[Entries taken from a collection]
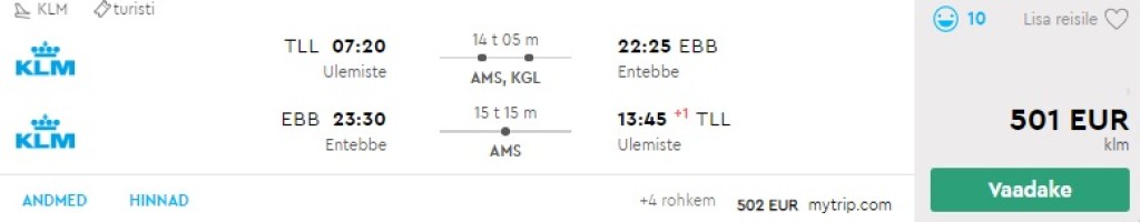 KLM pakub hetkel hea hinnaga lennupileteid Tallinnast Ugandasse. Edasi-tagasi lennupiletid on saadaval alates 501€ eest ning saadavust leidub septembrist veebruarini. Piletiteni jõudmiseks kliki allolevatel näidiskuupäevadel või kontrolli endale sobivaid kuupäevi läbi momondo.eeLennupiletite hinna sees on nii äraantav pagas kui toitlustamine lennuki pardal.
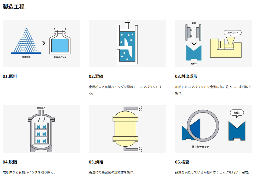 微細で複雑な三次元形状を得意とし、通常の焼結品よりも機械的強度・表面精度に優れた金属成形品を生み出します。鉄・ステンレス・チタンなど多様な金属に対応し、小さなボルトや歯車も加工レスで製造可能です。医療、航空宇宙など、微細で高精度な金属部品が求められる分野で活用されています。
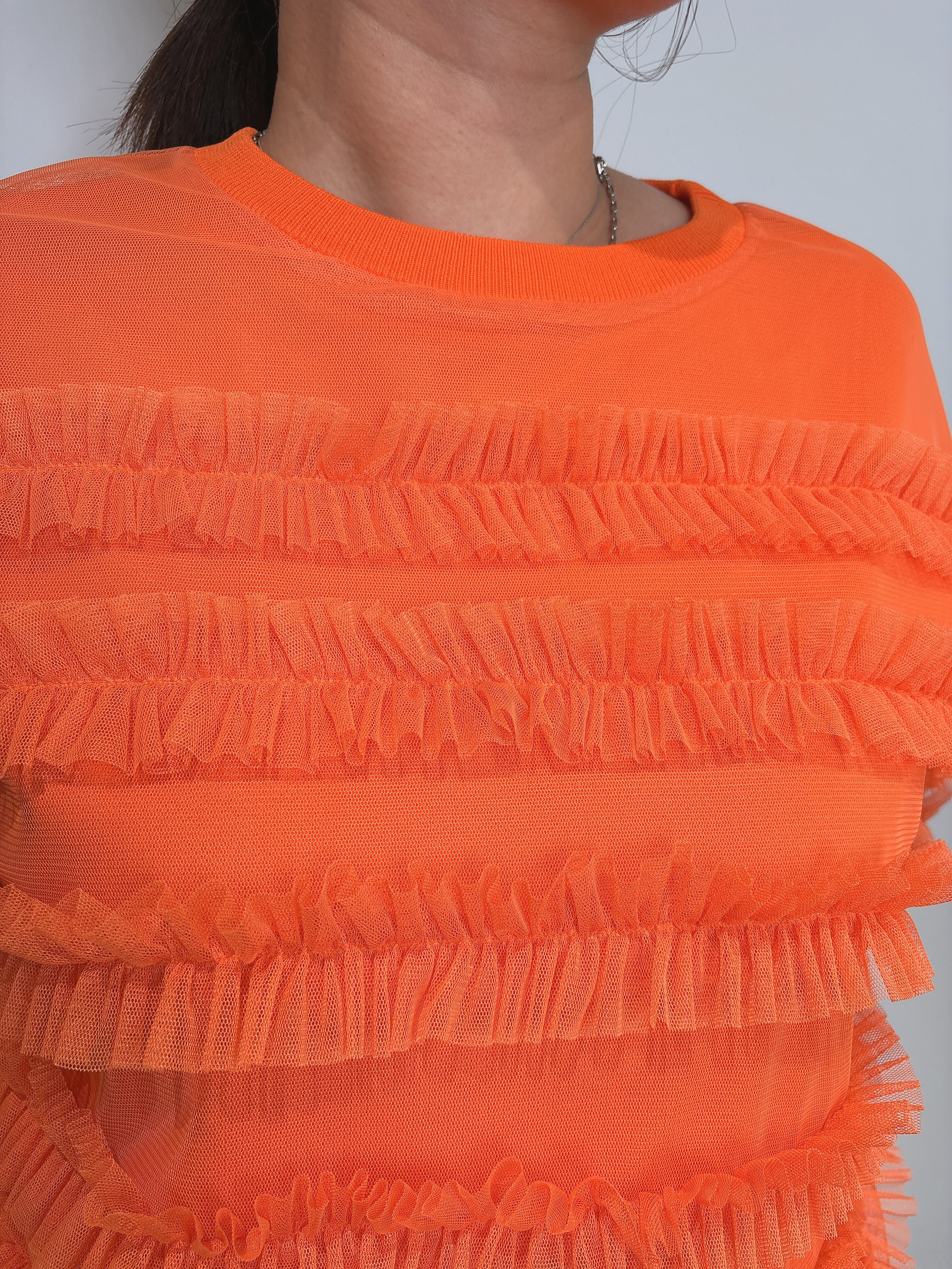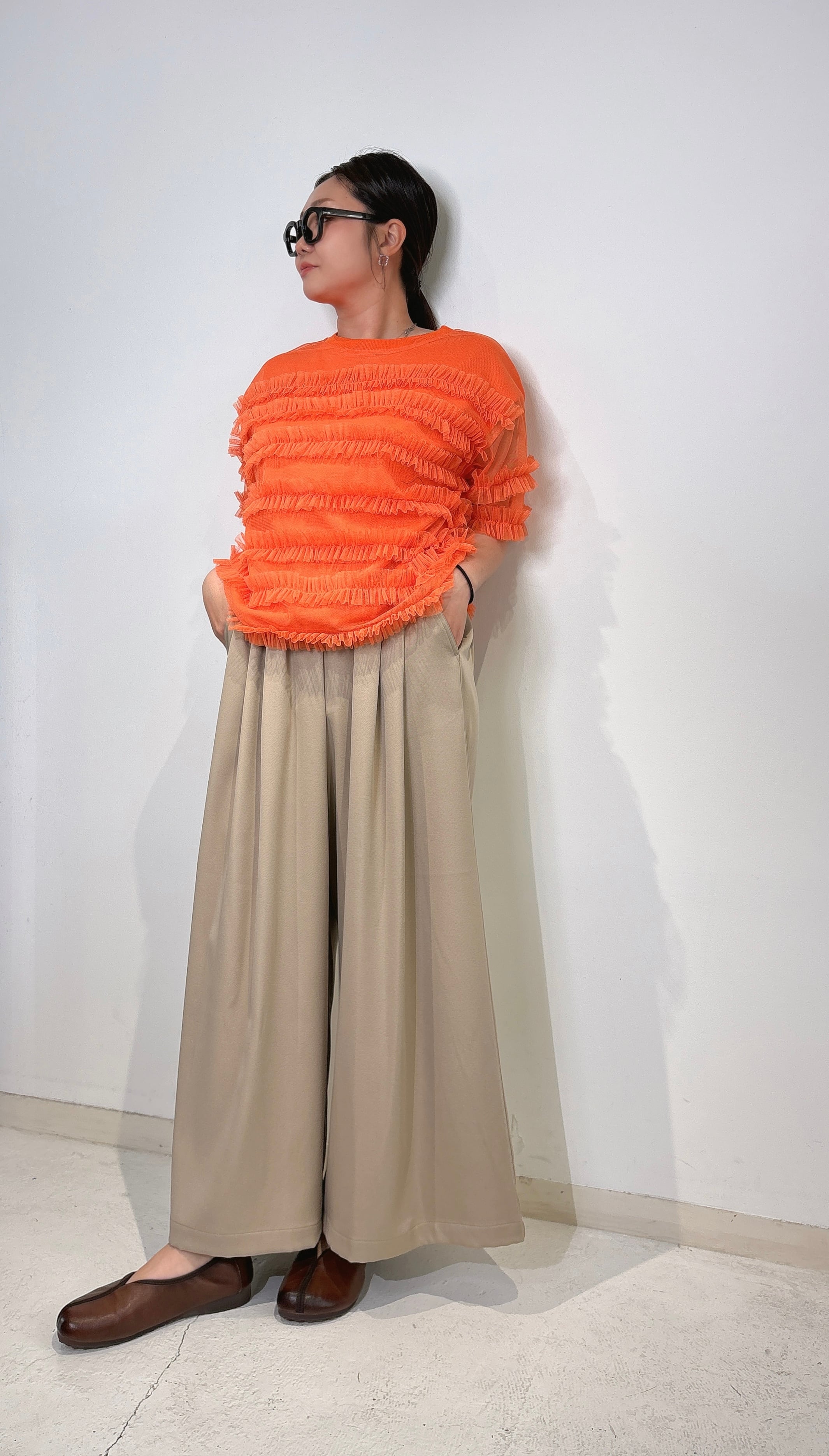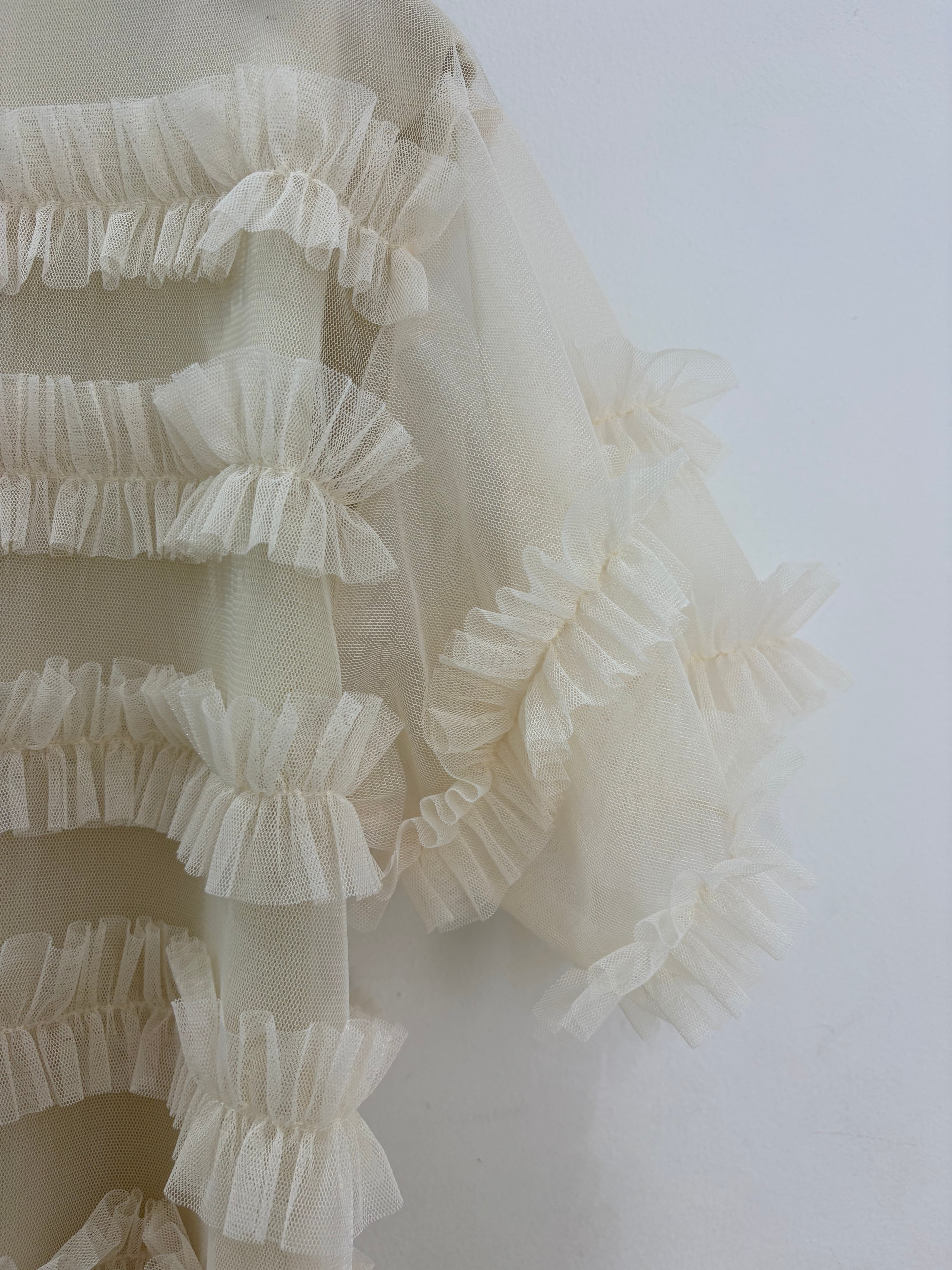 フェミニンな印象を与えるチュール素材を使用したフリルトップスで、軽やかさと華やかさを兼ね備えています。
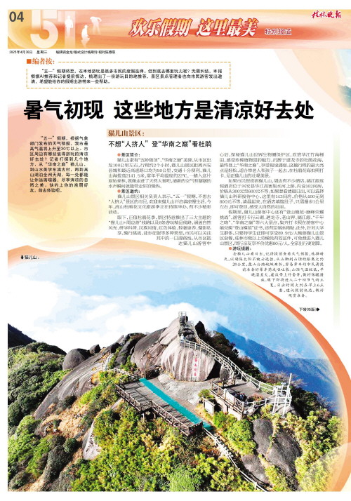 “五一”假期,根据气象部门发布的天气预报,我市最高气温将上升至30℃以上。市区周边有哪些值得游玩的清凉好去处?记者打探到几个地方,从“华南之巅”猫儿山,到山水美学东漓古村,再到高山湖泊全州天湖,每一处都能让你远离喧嚣,尽享清凉的自然之美。快约上你的亲朋好友,前去体验吧。
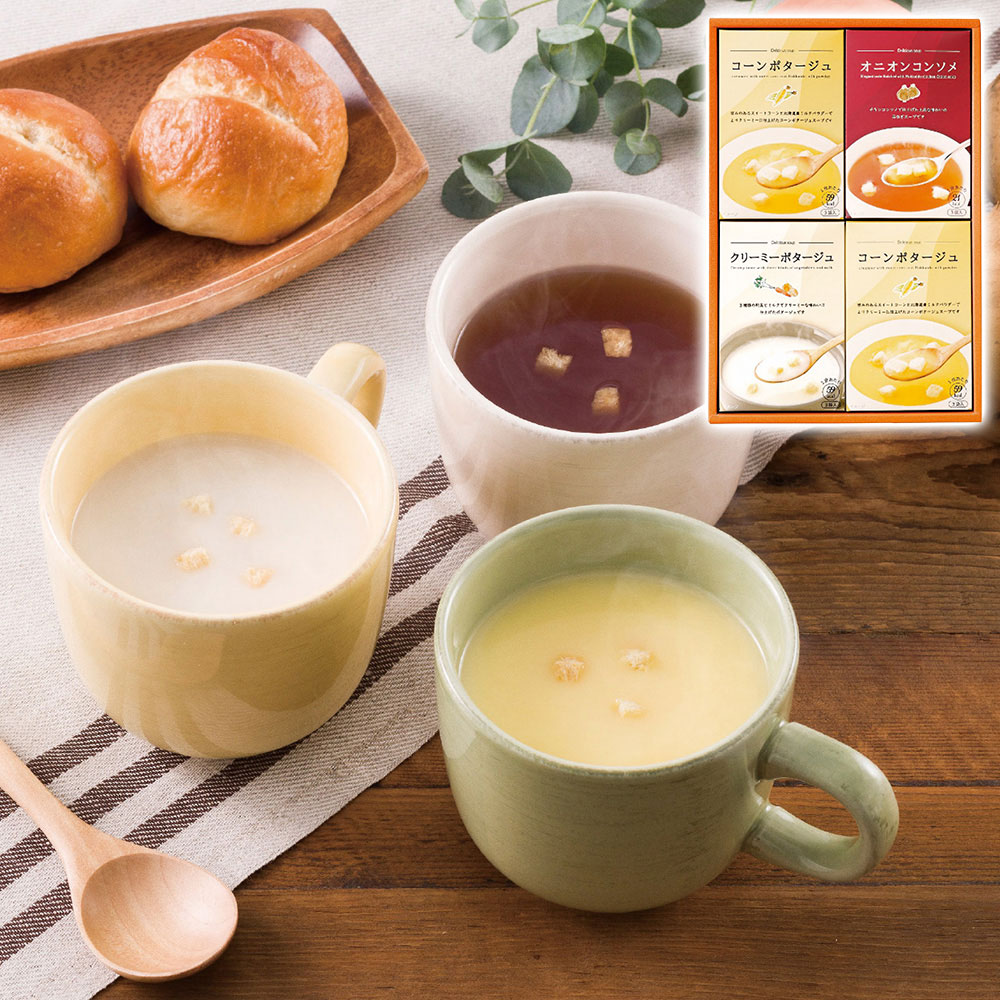 ■規格:コーンポタージュ(15g×3袋)2個・クリーミーポタージュ(15g×3袋)・オニオンコンソメ(7g×3袋)各1個
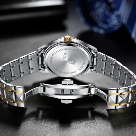 Binbond Cutting men's watch night light dual calendar watch men's quartz watch diamond ceiling glass- Golden
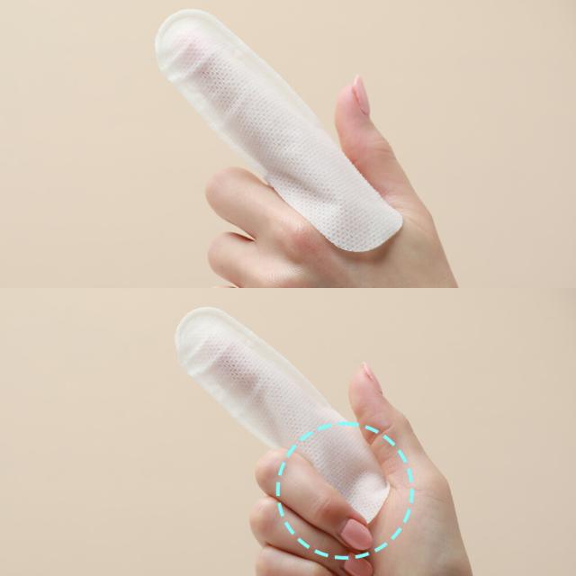 1:指型シートを清潔な手で1枚取り出して、両面が2層ずつになるよう中央に人差し指を入れてください。
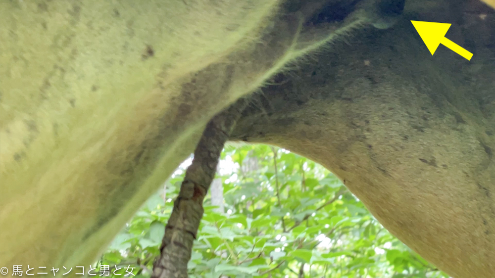 枝を痒いところに当てて前後に動いてはります。(黃矢印は乳首)馬が「孫の手」みたいに枝を使うってなかなか賢い。

What you will do:
Every line from the one with "微細で複雑な三次元形状を得意" through the last line of the data must be copied exactly. Leave the pictures out.

Solution:
 微細で複雑な三次元形状を得意とし、通常の焼結品よりも機械的強度・表面精度に優れた金属成形品を生み出します。鉄・ステンレス・チタンなど多様な金属に対応し、小さなボルトや歯車も加工レスで製造可能です。医療、航空宇宙など、微細で高精度な金属部品が求められる分野で活用されています。
 フェミニンな印象を与えるチュール素材を使用したフリルトップスで、軽やかさと華やかさを兼ね備えています。
 “五一”假期,根据气象部门发布的天气预报,我市最高气温将上升至30℃以上。市区周边有哪些值得游玩的清凉好去处?记者打探到几个地方,从“华南之巅”猫儿山,到山水美学东漓古村,再到高山湖泊全州天湖,每一处都能让你远离喧嚣,尽享清凉的自然之美。快约上你的亲朋好友,前去体验吧。
 ■規格:コーンポタージュ(15g×3袋)2個・クリーミーポタージュ(15g×3袋)・オニオンコンソメ(7g×3袋)各1個
 Binbond Cutting men's watch night light dual calendar watch men's quartz watch diamond ceiling glass- Golden
 1:指型シートを清潔な手で1枚取り出して、両面が2層ずつになるよう中央に人差し指を入れてください。
 枝を痒いところに当てて前後に動いてはります。(黃矢印は乳首)馬が「孫の手」みたいに枝を使うってなかなか賢い。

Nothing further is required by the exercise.